TGF-β1 Drives Integrin-Dependent Pericyte Migration and Microvascular Destabilization in Fibrotic Disease.

Interactions between endothelial cells (ECs) and mural pericytes (PCs) are critical in maintaining the stability and function of the microvascular wall. Abnormal interactions between these two cell types are a hallmark of progressive fibrotic diseases such as systemic sclerosis (also known as scleroderma). However, the role of PCs in signaling microvascular dysfunction remains underexplored.

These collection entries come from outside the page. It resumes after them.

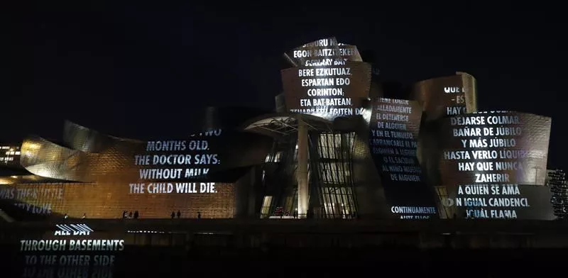 Jenny Holzer artista estatubatuarraren erakusketa aurkezteko 19 idazleren testuak proiektatu zituzten bart Guggenheim Museoaren fatxadan.
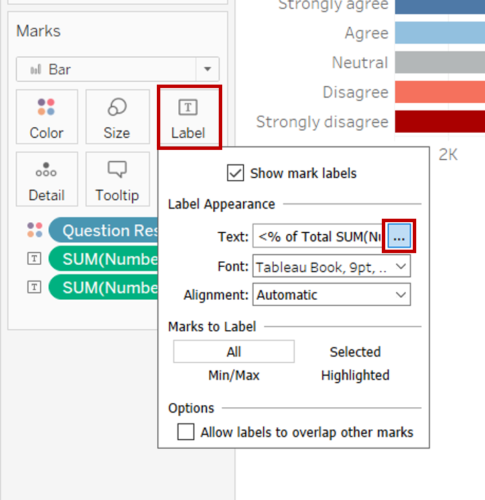 - Click on the AGG(Percent Strongly Agree) Marks cart and change the Marks type to Circle. Click on colour to change it to the same colour as the Strongly Agree bar in the diverging stacked bar chart. Adjust the size of the dot to reduce it
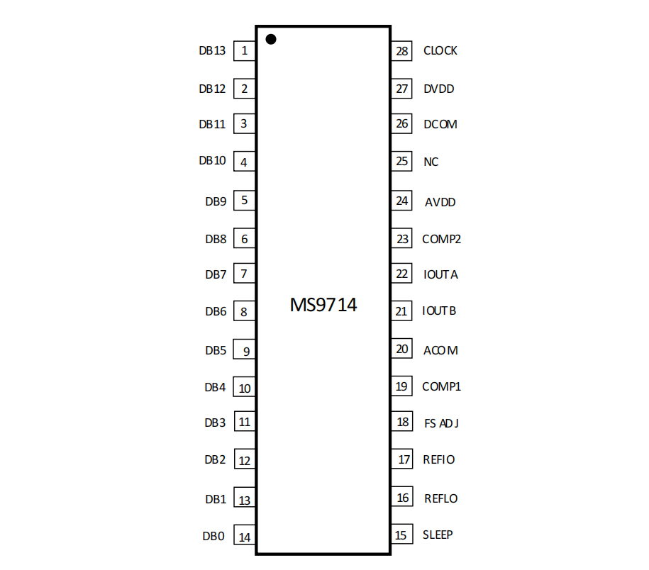 MS9708/MS9714 采用分段电流源结构和特有开关技术,以减少寄生影响和提高动态转换性能。该芯片将边沿触发锁存器和温度补偿带隙基准集成在一起,从而得到一个完整的单片集成电路 DAC 解决方案。电流满刻度输出为 20mA,输出阻抗大于 100kΩ。
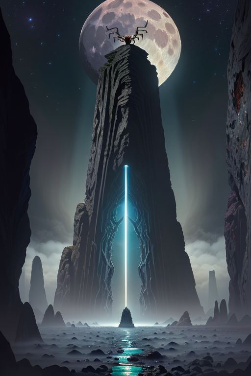 (no humans:1.4), OverallDetail, green theme, moon, path, giant face in the mist, (spider:1,.4), menacing, (spider monolith on the moon, multidimensional object,non-euclidean object,looming ominous face of GOD,demiurgic object:1.4), (epic:1.2), realistic, trending on artstation, 3d, (high quality:1.2), (masterpiece:1.2), high details, incredibly absurdres, colorful), best quality, highres, full body shot,Frank Frazetta,Postmodern Art,Shoujo Anime,Precisionism,Fauvism,Funk Art,Gothic Art,Grimdark Art,

We hypothesized that integrin-matrix interactions contribute to PC migration from the vascular wall and conversion into interstitial myofibroblasts. Herein, pro-inflammatory tumor necrosis factor α (TNFα) or a fibrotic growth factor [transforming growth factor β1 (TGF-β1)] were used to evaluate human PC inflammatory and fibrotic phenotypes by assessing their migration, matrix deposition, integrin expression, and subsequent effects on endothelial dysfunction. Both TNFα and TGF-β1 treatment altered integrin expression and matrix protein deposition, but only fibrotic TGF-β1 drove PC migration in an integrin-dependent manner. In addition, integrin-dependent PC migration was correlated to changes in EC angiopoietin-2 levels, a marker of vascular instability. Finally, there was evidence of changes in vascular stability corresponding to disease state in human systemic sclerosis skin. This work shows that TNFα and TGF-β1 induce changes in PC integrin expression and matrix deposition that facilitate migration and reduce vascular stability, providing evidence that microvascular destabilization can be an early indicator of tissue fibrosis.